[Extracted data entries]
□ □ □ □ □ □ □
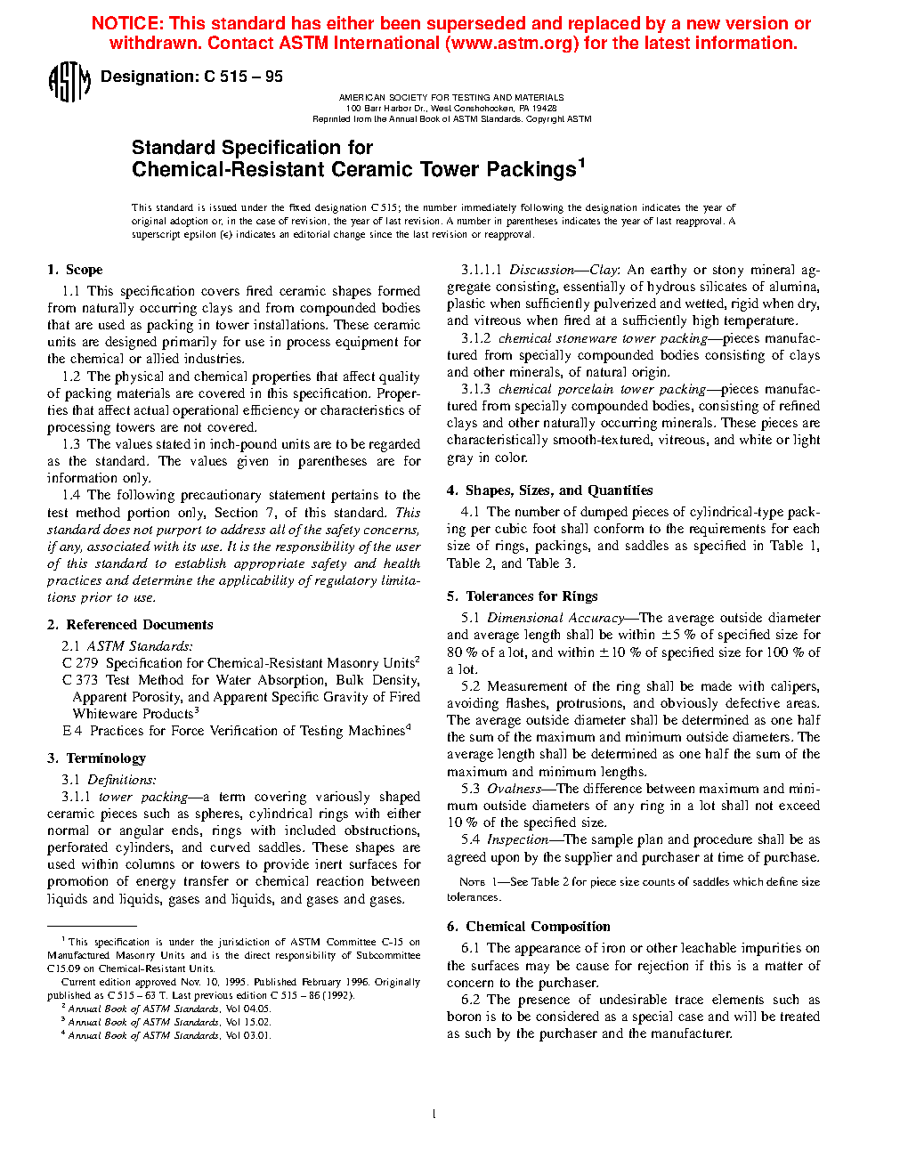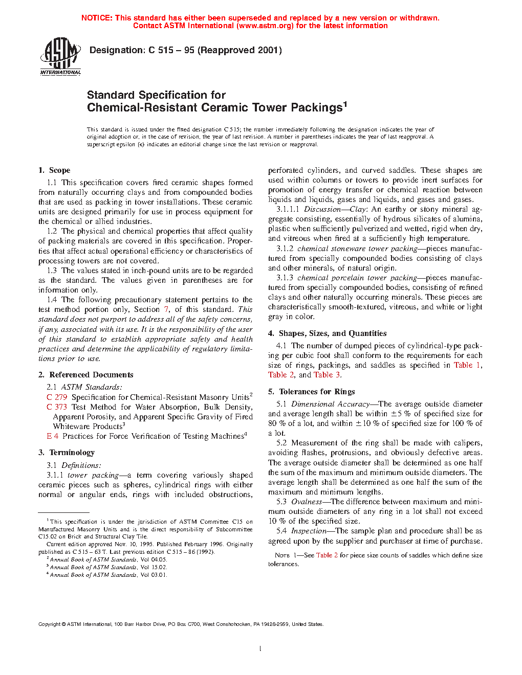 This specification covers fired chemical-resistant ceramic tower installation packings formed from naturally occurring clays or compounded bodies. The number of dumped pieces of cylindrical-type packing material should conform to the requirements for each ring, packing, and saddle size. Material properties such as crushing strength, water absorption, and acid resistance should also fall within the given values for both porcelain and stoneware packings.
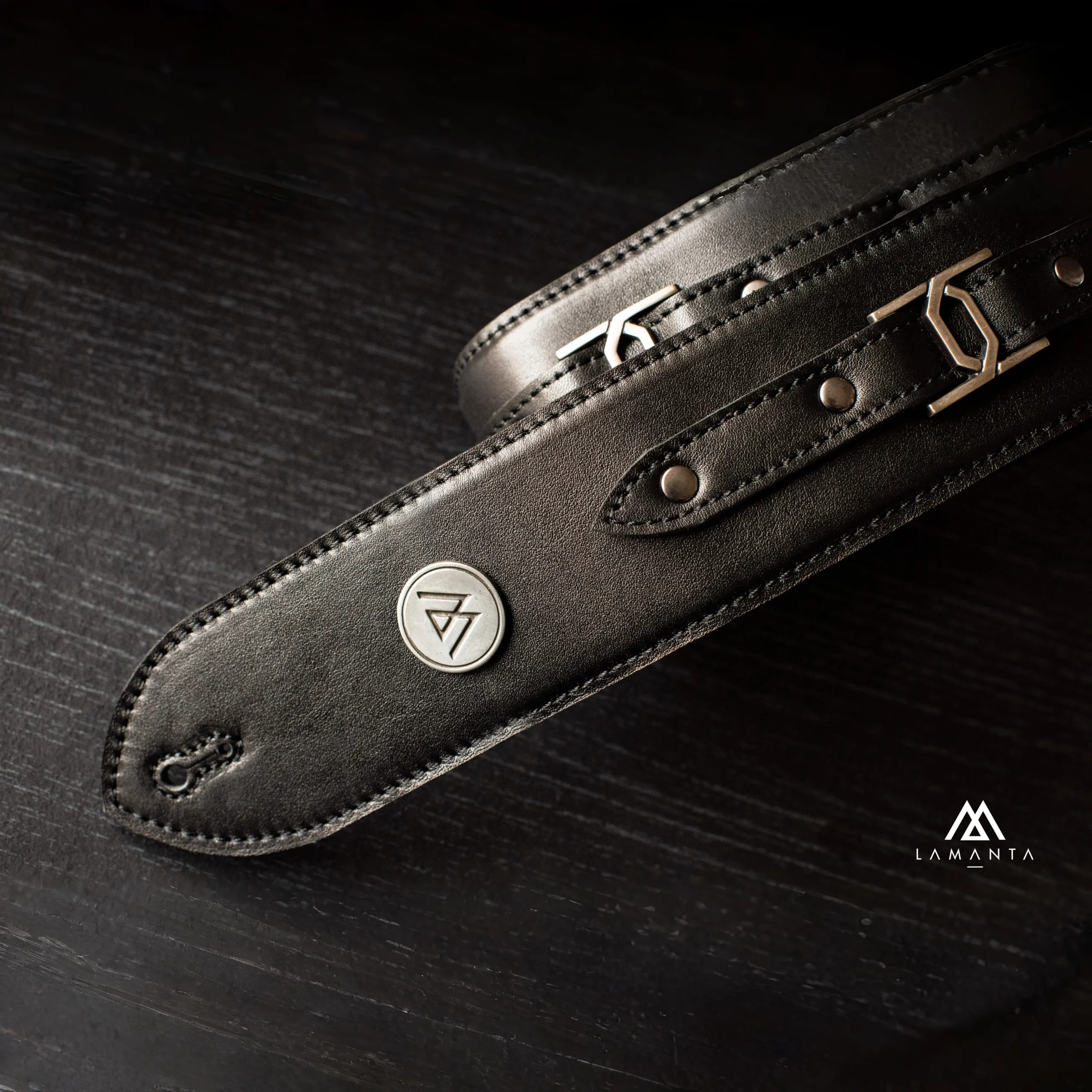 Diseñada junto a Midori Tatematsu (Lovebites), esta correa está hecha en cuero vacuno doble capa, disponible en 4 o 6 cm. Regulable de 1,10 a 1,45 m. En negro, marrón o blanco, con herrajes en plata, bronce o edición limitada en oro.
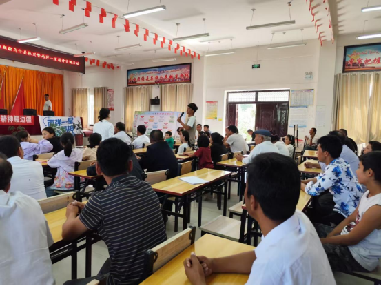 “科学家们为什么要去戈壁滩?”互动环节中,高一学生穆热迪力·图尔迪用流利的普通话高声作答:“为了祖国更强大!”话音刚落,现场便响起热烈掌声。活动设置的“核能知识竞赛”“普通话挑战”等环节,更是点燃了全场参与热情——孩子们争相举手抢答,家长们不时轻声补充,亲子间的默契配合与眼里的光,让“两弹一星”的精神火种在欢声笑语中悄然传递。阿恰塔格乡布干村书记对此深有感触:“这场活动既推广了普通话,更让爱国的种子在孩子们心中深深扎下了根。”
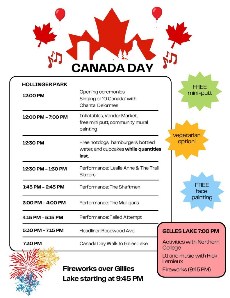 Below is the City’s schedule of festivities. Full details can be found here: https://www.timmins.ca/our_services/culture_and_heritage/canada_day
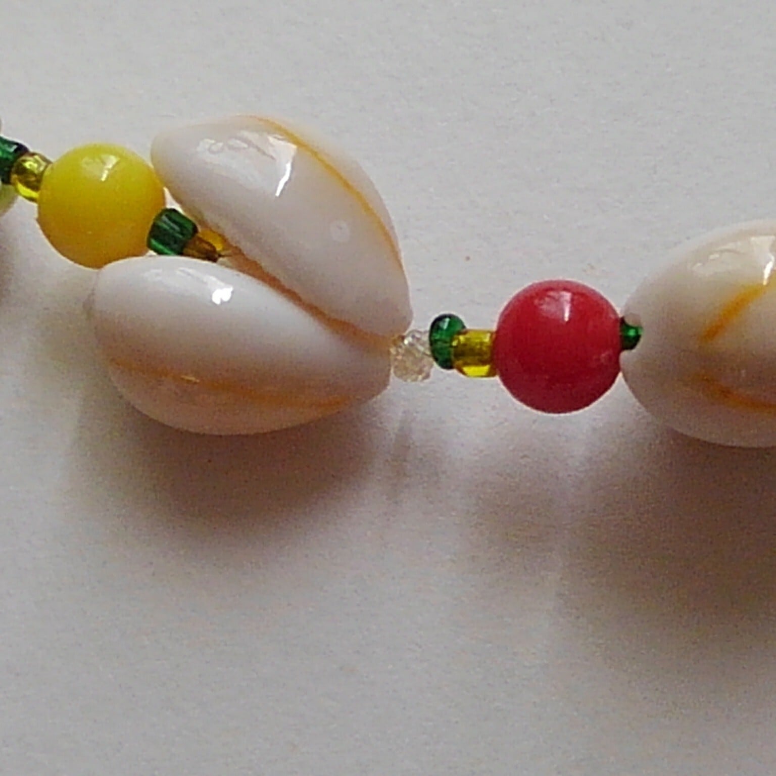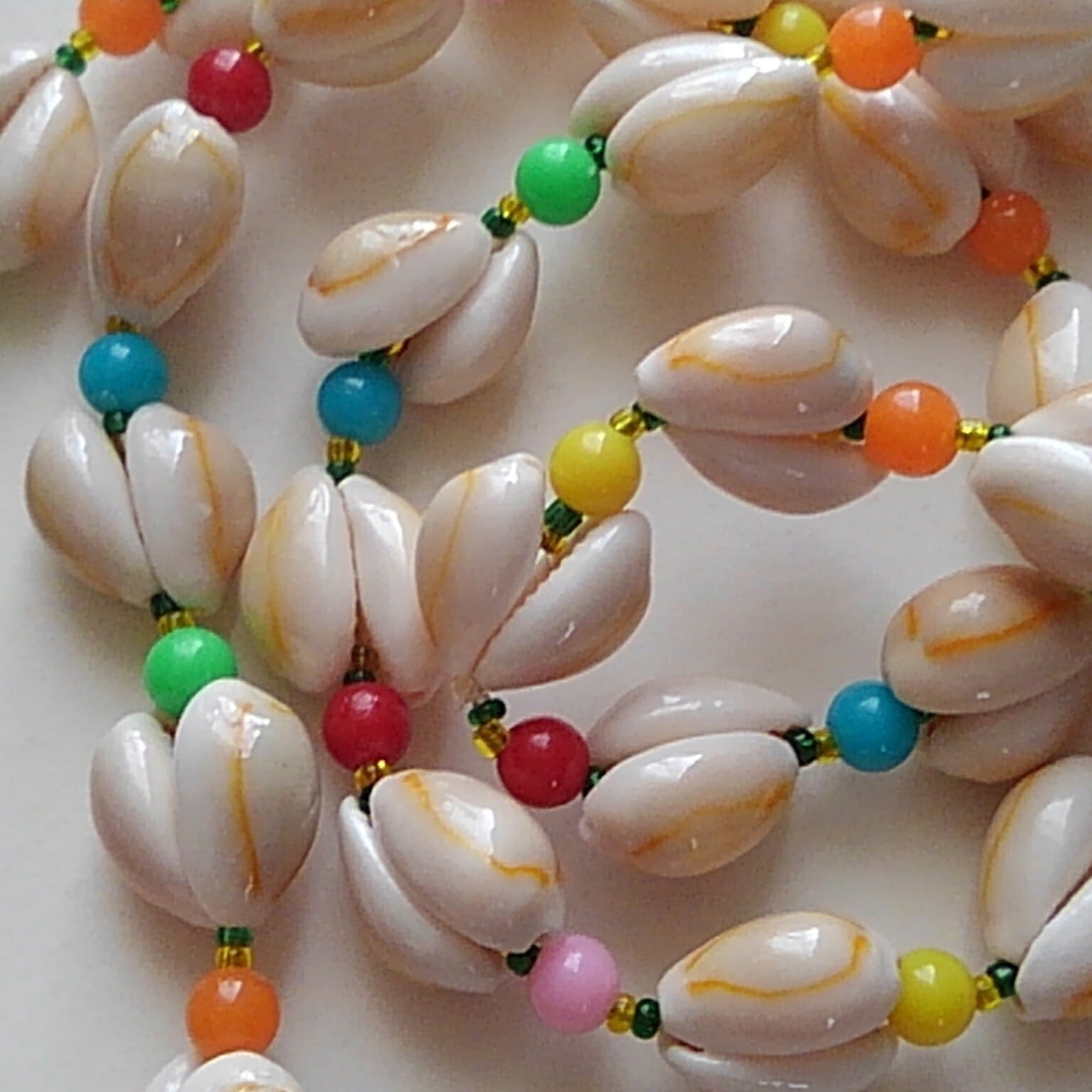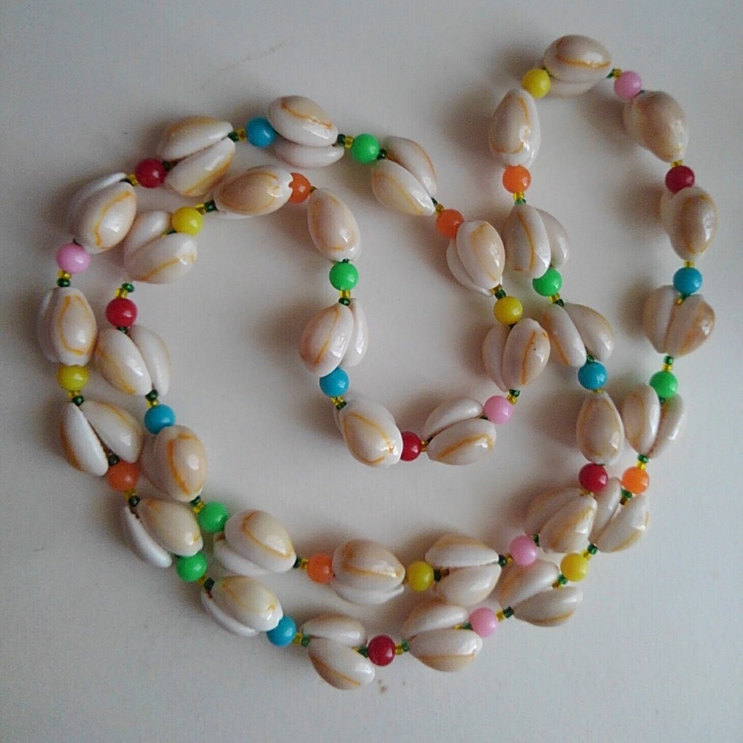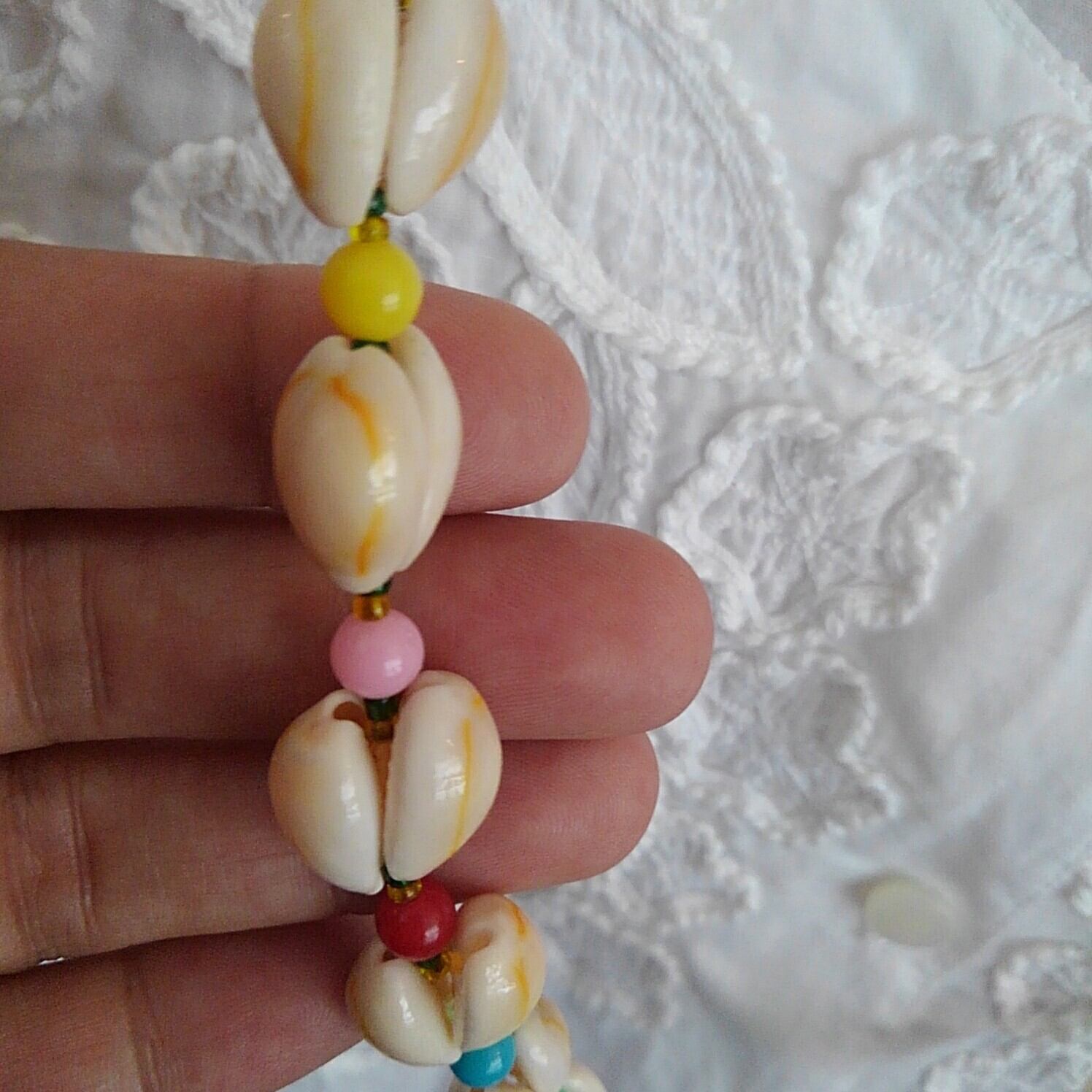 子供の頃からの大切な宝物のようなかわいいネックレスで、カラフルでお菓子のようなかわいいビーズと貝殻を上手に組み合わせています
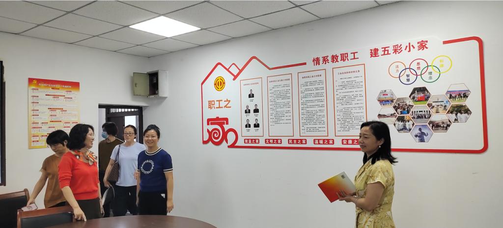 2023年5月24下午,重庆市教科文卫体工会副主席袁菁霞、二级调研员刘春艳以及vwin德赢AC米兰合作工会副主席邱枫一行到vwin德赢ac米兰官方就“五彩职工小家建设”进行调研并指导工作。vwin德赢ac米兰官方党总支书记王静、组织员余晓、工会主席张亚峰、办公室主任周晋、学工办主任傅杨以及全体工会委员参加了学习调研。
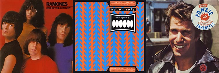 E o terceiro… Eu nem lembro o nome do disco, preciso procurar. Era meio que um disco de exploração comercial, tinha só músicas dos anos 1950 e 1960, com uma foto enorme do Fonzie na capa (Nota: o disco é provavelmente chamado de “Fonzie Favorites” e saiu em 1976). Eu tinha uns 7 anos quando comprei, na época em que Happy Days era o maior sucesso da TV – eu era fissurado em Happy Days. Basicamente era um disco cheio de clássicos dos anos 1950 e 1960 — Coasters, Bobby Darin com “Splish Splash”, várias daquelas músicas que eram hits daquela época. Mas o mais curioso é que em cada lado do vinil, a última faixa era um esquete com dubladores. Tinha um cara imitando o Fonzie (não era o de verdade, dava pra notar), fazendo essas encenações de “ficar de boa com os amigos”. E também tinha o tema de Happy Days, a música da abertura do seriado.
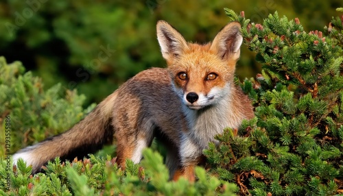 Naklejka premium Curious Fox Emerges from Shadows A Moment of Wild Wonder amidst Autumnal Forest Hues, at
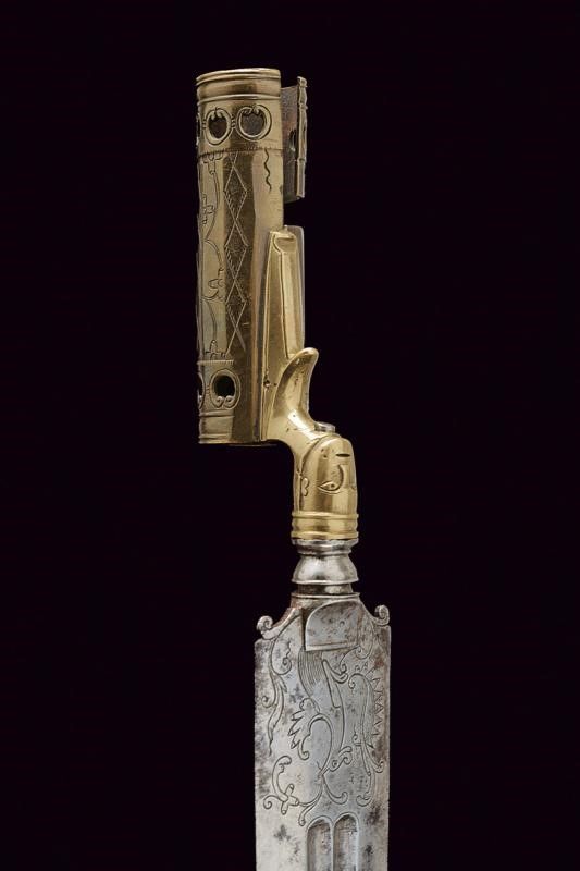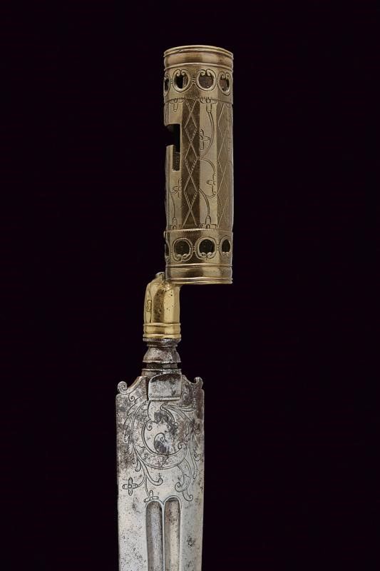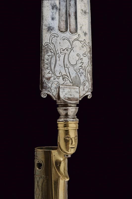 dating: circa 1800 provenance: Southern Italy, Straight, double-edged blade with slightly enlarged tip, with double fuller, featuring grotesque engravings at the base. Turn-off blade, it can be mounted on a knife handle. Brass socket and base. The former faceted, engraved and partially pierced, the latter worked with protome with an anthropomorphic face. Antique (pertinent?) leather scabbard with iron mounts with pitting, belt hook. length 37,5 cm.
□ □ □ □ □ □ □
■ **Task to carry out**:
Reproduce each line of the records exactly, and omit every picture.

■ **Problem solution**:
 This specification covers fired chemical-resistant ceramic tower installation packings formed from naturally occurring clays or compounded bodies. The number of dumped pieces of cylindrical-type packing material should conform to the requirements for each ring, packing, and saddle size. Material properties such as crushing strength, water absorption, and acid resistance should also fall within the given values for both porcelain and stoneware packings.
 Diseñada junto a Midori Tatematsu (Lovebites), esta correa está hecha en cuero vacuno doble capa, disponible en 4 o 6 cm. Regulable de 1,10 a 1,45 m. En negro, marrón o blanco, con herrajes en plata, bronce o edición limitada en oro.
 “科学家们为什么要去戈壁滩?”互动环节中,高一学生穆热迪力·图尔迪用流利的普通话高声作答:“为了祖国更强大!”话音刚落,现场便响起热烈掌声。活动设置的“核能知识竞赛”“普通话挑战”等环节,更是点燃了全场参与热情——孩子们争相举手抢答,家长们不时轻声补充,亲子间的默契配合与眼里的光,让“两弹一星”的精神火种在欢声笑语中悄然传递。阿恰塔格乡布干村书记对此深有感触:“这场活动既推广了普通话,更让爱国的种子在孩子们心中深深扎下了根。”
 Below is the City’s schedule of festivities. Full details can be found here: https://www.timmins.ca/our_services/culture_and_heritage/canada_day
 子供の頃からの大切な宝物のようなかわいいネックレスで、カラフルでお菓子のようなかわいいビーズと貝殻を上手に組み合わせています
 2023年5月24下午,重庆市教科文卫体工会副主席袁菁霞、二级调研员刘春艳以及vwin德赢AC米兰合作工会副主席邱枫一行到vwin德赢ac米兰官方就“五彩职工小家建设”进行调研并指导工作。vwin德赢ac米兰官方党总支书记王静、组织员余晓、工会主席张亚峰、办公室主任周晋、学工办主任傅杨以及全体工会委员参加了学习调研。
 E o terceiro… Eu nem lembro o nome do disco, preciso procurar. Era meio que um disco de exploração comercial, tinha só músicas dos anos 1950 e 1960, com uma foto enorme do Fonzie na capa (Nota: o disco é provavelmente chamado de “Fonzie Favorites” e saiu em 1976). Eu tinha uns 7 anos quando comprei, na época em que Happy Days era o maior sucesso da TV – eu era fissurado em Happy Days. Basicamente era um disco cheio de clássicos dos anos 1950 e 1960 — Coasters, Bobby Darin com “Splish Splash”, várias daquelas músicas que eram hits daquela época. Mas o mais curioso é que em cada lado do vinil, a última faixa era um esquete com dubladores. Tinha um cara imitando o Fonzie (não era o de verdade, dava pra notar), fazendo essas encenações de “ficar de boa com os amigos”. E também tinha o tema de Happy Days, a música da abertura do seriado.
 Naklejka premium Curious Fox Emerges from Shadows A Moment of Wild Wonder amidst Autumnal Forest Hues, at
 dating: circa 1800 provenance: Southern Italy, Straight, double-edged blade with slightly enlarged tip, with double fuller, featuring grotesque engravings at the base. Turn-off blade, it can be mounted on a knife handle. Brass socket and base. The former faceted, engraved and partially pierced, the latter worked with protome with an anthropomorphic face. Antique (pertinent?) leather scabbard with iron mounts with pitting, belt hook. length 37,5 cm.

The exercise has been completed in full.